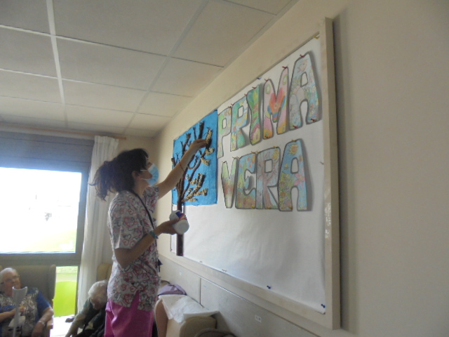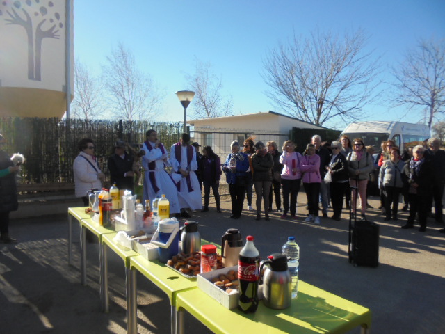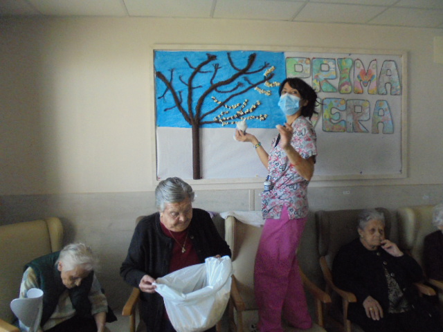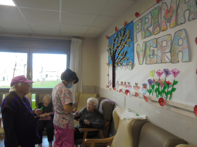 Nuestro cura Federico siempre se acuerda de nuestros abuelos y de la Residencia Campo Romanos y el domingo 2 de abril  vino  con la Cofradía de Cristo en la Agonía de Daroca. Salieron desde Badules andando con el Cristo y  tocando los tambores  llegaron al parking de la residencia.  Lástima que el tiempo no acompañó y nuestros abuelos no pudieron salir todos a verles pero la intención es lo que vale y ellos quedaron igualmente agradecidos. Las mujeres de Romanos colaboraron para preparar un refrigerio para todos: Feli, Mª Luz y Tere hicieron rosquillas, trajeron café, bizcochos...Fina hizo torrijas, la residencia ayudó con la leche, pastas, bizcochos... Además el jueves Federico volvió a visitarnos de nuevo y celebró la misa del Domingo de Ramos y bendijo las ramitas de olivo que trajo para cada uno. Muchísimas gracias Federico por dar la misa cada semana ya que para ellos es muy importante ese momento de fe. También compartimos con todos vosotros el mural de primavera tan bonito que han elaborado y la frase para el mural típica de esta época, ya estamos esperando los primeros brotes de las hojas de los árboles y contemplando las flores de los almendros y de algunas macetas....la primavera ya está aquí!!!!!!!!!!
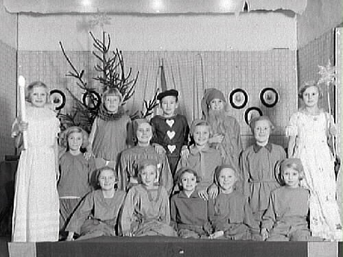 Barnen är 11 år gamla och har just uppfört ett julspel för föräldrar och släktingar, vid jul på Flickskolans teater. Lärarinna var Ruth Eriksson. Stående från vänster: Inga Svensson, Kerstin Svensson, Irene Carlsson, Birgit Roos, Mary Byfält. Mellersta raden från vänster: Gunvor Bengtsson, Birgit Lindberg, Birgit Svensson, Ulla Östlund. Längst fram, från vänster: Karin Larsson, Anne Maj Grangeus, Marianne Börjesson, Siv Christoffersson, Margret Mårtensson. (Se även bild GB2_3698)
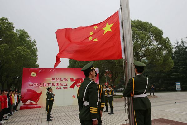 仪式最后,学校党委委员、副校长杨雪琴同志对现场的师生动情谈到,我们为做伟大的中国人而光荣,为经历这光荣的历史时刻而自豪。中国共产党带领中国人民在70年的不懈奋斗中,中国从一个受帝国主义欺凌的国家,变成了一个世界上的强大国家,无锡职院的发展壮大也是源于祖国的强盛伟大。希望全体师生能继续发扬“严谨治学,崇尚实践”的校训精神,不断成长为有理想,有担当,有品格,有作为的大国匠才,为实现中华民族伟大复兴和无锡职院的宏伟目标贡献力量。
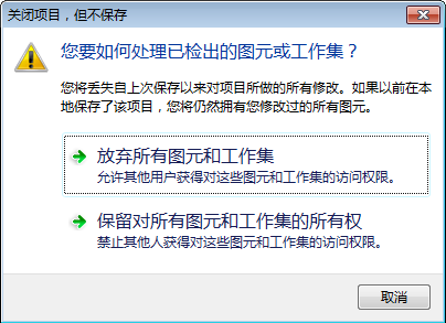 该选项会放弃您对本地模型所做的任何修改。 这对于您上次保存到本地模型的修改没有任何影响。 该选项将本地模型回退到上次保存时的状态,并显示“关闭项目,但不保存”对话框。

DIRECTIONS FOR THIS TASK — Transcribe the lines that run from the line bearing "仪式最后,学校党委委员、副校" through the last line of the data. Keep the wording exact and leave out every picture.

ANSWER SPACE —
 仪式最后,学校党委委员、副校长杨雪琴同志对现场的师生动情谈到,我们为做伟大的中国人而光荣,为经历这光荣的历史时刻而自豪。中国共产党带领中国人民在70年的不懈奋斗中,中国从一个受帝国主义欺凌的国家,变成了一个世界上的强大国家,无锡职院的发展壮大也是源于祖国的强盛伟大。希望全体师生能继续发扬“严谨治学,崇尚实践”的校训精神,不断成长为有理想,有担当,有品格,有作为的大国匠才,为实现中华民族伟大复兴和无锡职院的宏伟目标贡献力量。
 该选项会放弃您对本地模型所做的任何修改。 这对于您上次保存到本地模型的修改没有任何影响。 该选项将本地模型回退到上次保存时的状态,并显示“关闭项目,但不保存”对话框。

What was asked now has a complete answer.